Thomas Bach got it right on the eve of his election as the 9th president of the International Olympic Committee
"The raison d'être of the IOC is to be a governing body of sport," said the 59-year-old German lawyer and gold medal fencer.
He nailed it.
The IOC exists not to save the world but to be the guardian of sport. Bach will face huge issues
in the coming weeks and months including the potentially explosive controversy that Russia's legislated intolerance towards homosexuals
might cause during the Winter Games in Sochi. But there is a much bigger threat to the long term health of the Olympic movement.
Cheating on the fields of play is once again rampant and Bach must escalate the campaign against doping in sport. Not only that, he's got to see that the war is won. At stake is the relevance of the Olympics themselves.
Increasingly people find themselves mistrusting the veracity of what goes on at the Games. The revelations surrounding cyclist Lance Armstrong and more recently high profile Jamaican and American sprinters have caused the doubters to come out in full force and with good reason. If the most visible athletes are tainted then the supposition, accurate or not, is that everyone else must be as well.Taking a stand
Where there's smoke there's fire, or so goes the prevailing sentiment.
Canada's lone athlete on the IOC has been aware of all this from the get go. "As you know anti-doping is something I am every involved in," said Beckie Scott from Buenos Aires. "And we are at a critical juncture with this movement."
Scott, after all, should know.
She's battled long and hard to make sure that the fight against doping isn't pushed to the back burner. She won cross-country bronze in 2002 in Salt Lake City but when it was found that the Russian skiers who finished ahead of her, Olga Danilova and Larissa Lazutina had used Darbepoetin, a performance enhancing drug, the bronze medal rightfully became gold.
The sadness is it took two-and-a-half years and a Herculean struggle through the International Court of Arbitration for Sport for Scott and her supporters to make it happen. As her eight-year term on the IOC Athlete's Commission draws to a close, Scott is urging the new president to step up to the plate when it comes to doping.
"It is critical the IOC, led by its president, takes a strong stand and works pro-actively with its partners and stakeholders to continue to gain ground in the fight against doping," Scott argued.
There's some reason to believe Thomas Bach may be the right person to lead the charge.
Firstly, he's an athlete and the only IOC president in history to have won a gold medal which he did in team fencing at the Montreal Olympics in 1976. Presumably he understands that the scourge of an uneven playing field where cheaters prosper is abhorrent to the athlete's sensibility.
Secondly, he's a lawyer, a senior administrator at the Court of Arbitration for Sport, and has been the chairman of the IOC's Sport and Law Commission since 2002 when Beckie Scott first began the fight. It stands to reason that Bach values playing by the rules and has a disdain for dopers and their accomplices who perpetrate sport's criminal acts.
But, he has to bring the legion of interested parties together. Bach, as head of the IOC, has the most at stake and it's in his best interest, as well as the Games, to get the many other sports governing bodies to understand the bottom line of Olympic survival.

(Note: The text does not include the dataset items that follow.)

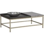 This coffee table is infused with rustic style and minimalist design elements. Features a solid oak wood tray top with an umber brown finish, a grey marble top, and a sleek brushed gold iron frame. Can be paired with matching console and end tables. As marble is a natural material, unique veining, pitting, fissures, micro-cracks and colour variations are all characteristics that add to the uniqueness and beauty of each piece.
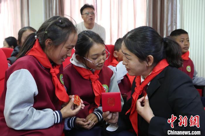 圖為單增卓嘎正在為學生們展示和講解莊嚴的法徽。倫珠澤仁攝
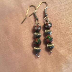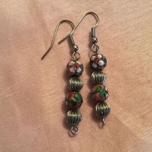 Silvertone and Cloisonne Earrings

Even if a significant minority is convinced one high performance sport is dirty then too many people are willing to believe all high performance sport is dirty.

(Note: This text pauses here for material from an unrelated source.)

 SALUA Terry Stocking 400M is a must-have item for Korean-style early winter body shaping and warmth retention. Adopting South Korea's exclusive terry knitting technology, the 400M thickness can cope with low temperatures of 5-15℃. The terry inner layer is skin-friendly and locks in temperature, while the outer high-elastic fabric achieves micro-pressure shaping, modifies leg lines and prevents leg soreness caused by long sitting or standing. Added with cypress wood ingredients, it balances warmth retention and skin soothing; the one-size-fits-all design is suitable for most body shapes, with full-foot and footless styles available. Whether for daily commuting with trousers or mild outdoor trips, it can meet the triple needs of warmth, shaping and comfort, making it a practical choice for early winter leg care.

"The efforts cannot be grounded by infighting, conflict and personal agendas," Scott concluded. "They must continue to be co-operative, united and led by a vision of a better world for sport."
Thomas Bach's mandate is clear as he begins his tenure at the helm of the world's most influential sports franchise and arguably most recognizable brand. The stark reality is he's got to get it right.

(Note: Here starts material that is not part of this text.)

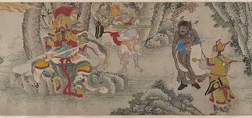 The navy was not a separate entity during the Ming era and was part of the guard battalion system. Every coastal guard battalion was allotted 50 ships for maritime defense. The Ming also set up naval palisades, beacon towers, strategic forts, and irregular military units and warships.[17] Unfortunately these defensive measures proved largely inadequate against pirate raids, and conditions continued to deteriorate until the Jiajing wokou raids were ended by Qi Jiguang and Yu Dayou.[36] Shaolin monks also took part in anti-piracy campaigns, most notably between 21 and 31 July 1553 at Wengjiagang, when a group of 120 monks exterminated over 100 pirates with only 4 monks dead.[37]
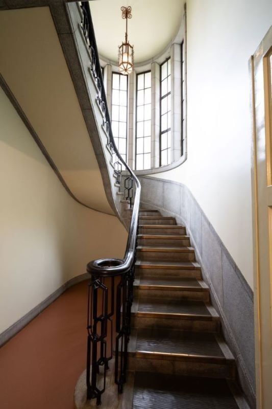 1階と2階をつなぐ階段と窓が織りなす空間は必見。階段の角度や手すりの先のくるくるとした形、この時代ならではの曲線美にうっとりします。

He would do well to focus less on the business aspects of marketing the Olympics as an entertainment property or a platform for political statements. The Olympics are not, as outgoing president Jacques Rogge has noted on many occasions, "a panacea for the ills of the world."
They are, however, meant to be the pinnacle of sport and human athletic achievement governed by an honourable set of ideals.
Thomas Bach's biggest challenge will be to prove that what happens at the Olympics, and in all of high performance sport, is real and that it still has meaning and value.